In 1953, Stanley Miller and Harold Urey performed an experiment at the University of Chicago to test the hypothesis that the conditions of the early Earth would have favored the formation of larger, more complex organic molecules from basic precursors. The experiment, shown in Figure 1, consisted of sealing basic organic chemicals (representing the atmosphere of the primitive Earth) in a flask, which was exposed to electric sparks (to simulate lightning) and water vapor.A scientist believes that the Miller-Urey experiment failed to yield the remaining amino acids and the nucleic acids because of the absence of critical chemical substrates that would have existed on the primordial Earth due to volcanism.

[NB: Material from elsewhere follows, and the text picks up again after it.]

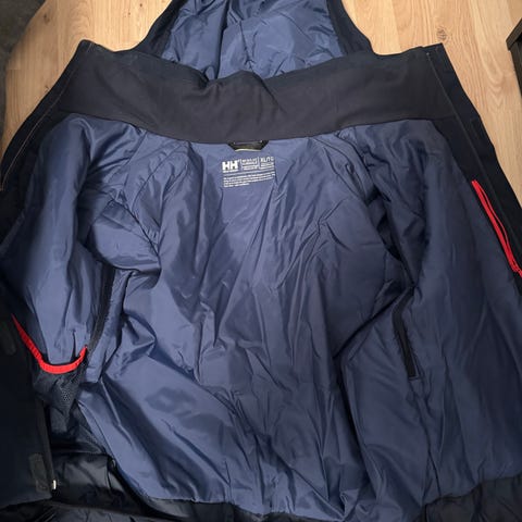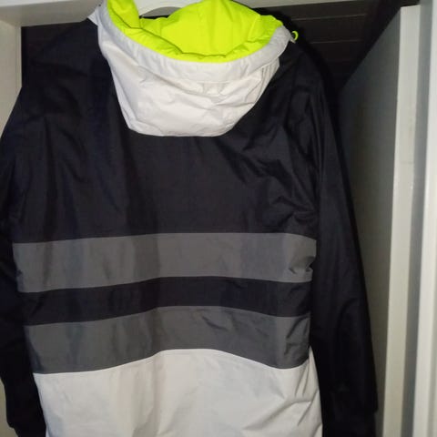 Kuin uudenveroinen miesten talvitakki myynnissä toisen hihan heijastimesta vähän lähtenyt palasia irti. Löytyy hupusta kiristimet ja molemmilta puolilta helmaa löytyy myös.

Which of the following basic compounds, which are associated with volcanism, would NOT need to be added in a follow-up Miller-Urey experiment?
A. H2S (gas)
B. SiO2 (silica)
C. SO2
D. H3PO4 (phosphoric acid)
|
B Silica is a mineral form of glass, is not a common component of life-forms, and is largely chemically inert. Since oxygen is already present in several compounds included in the experiment, the addition of this compound does not provide any additional elements or chemical substrates, which would permit generation of additional amino acids or synthesis of nucleic acids. The addition of sulfur compounds and phosphorus is necessary to generate some amino acids and all nucleic acids, which eliminates (A), (C), and (D).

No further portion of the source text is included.